So is this an acceptable risk in order to dramatically reduce the number of impaired drivers on the road? I think so, my only concern is whether the zero tolerance policy will lead to an abuse of authority.

I believe they should first be lowering the legal limit, not necessarily making zero tolerance. That alone would already make most people I know think twice about even having one or two drinks before getting behind the wheel. If the lowered limit doesn't help matters, then go zero tolerance.


----------



## i-rui (Sep 13, 2006)

god.

we're turning into a province of ninnys.


----------



## monokitty (Jan 26, 2002)

rgray said:


> Not "good point". The alcohol is burned off (or at least vapourized) in the frying. All you get is the taste - you don't get any alcohol.


Like I said - I don't know how that works. Thanks for clearing that up.


----------



## hayesk (Mar 5, 2000)

rgray said:


> Not "good point". The alcohol is burned off (or at least vapourized) in the frying. All you get is the taste - you don't get any alcohol.


Don't count on it. It depends on how long you cook the alcohol.
Does alcohol burn off in cooking?


----------



## Ottawaman (Jan 16, 2005)

It feels like a bunch of controversial legislation is being dropped in order to push the G20 and HST issues out of our collective consciences.


----------



## keebler27 (Jan 5, 2007)

i-rui said:


> god.
> 
> we're turning into a province of ninnys.


can you explain further? just curious - do you mean ninnys for introducing a law that might prevent drinking and driving?

or ninnys for not applying it sooner and/or more widespread?


----------



## i-rui (Sep 13, 2006)

keebler27 said:


> can you explain further? just curious - do you mean ninnys for introducing a law that might prevent drinking and driving?
> 
> or ninnys for not applying it sooner and/or more widespread?

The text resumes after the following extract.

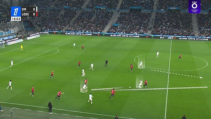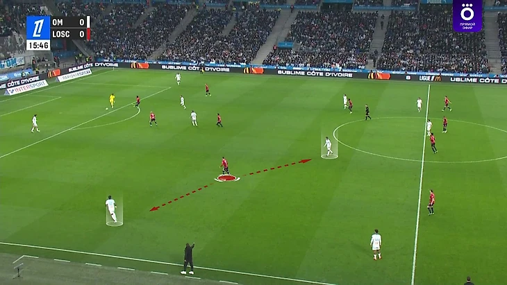 Направляют атаку во фланг, где игроку «Лилля» придется разрываться:

ninnys in that we have become so scared to have lost all sense of reason to go as far as a zero tolerance law as a solution.

we have decided that there is a legal limit of .008 while driving. we have decided the legal age to drink is 19. if there is a problem with either of those 2 laws (which i don't think there is) then change THOSE laws. not invent new ones.

there will always be irresponsible people. we could have prohibition and people would still drink & drive. at some point we have to realize that laws have to be reasonable because they're applied to the entire population. the second we start changing the law to target the odd asshole out there we're doing everyone a disservice.


----------



## keebler27 (Jan 5, 2007)

i-rui said:


> ninnys in that we have become so scared to have lost all sense of reason to go as far as a zero tolerance law as a solution.
> 
> we have decided that there is a legal limit of .008 while driving. we have decided the legal age to drink is 19. if there is a problem with either of those 2 laws (which i don't think there is) then change THOSE laws. not invent new ones.
> 
> there will always be irresponsible people. we could have prohibition and people would still drink & drive. at some point we have to realize that laws have to be reasonable because they're applied to the entire population. the second we start changing the law to target the odd asshole out there we're doing everyone a disservice.


good pts. they should change the existing laws.


----------



## i-rui (Sep 13, 2006)

keebler27 said:


> they should change the existing laws.


no, i think the existing laws are fine.

people keep thinking that drunk driving will only stop when the laws become tougher, but the laws & penalties keep getting tougher, yet people are still driving under the influence.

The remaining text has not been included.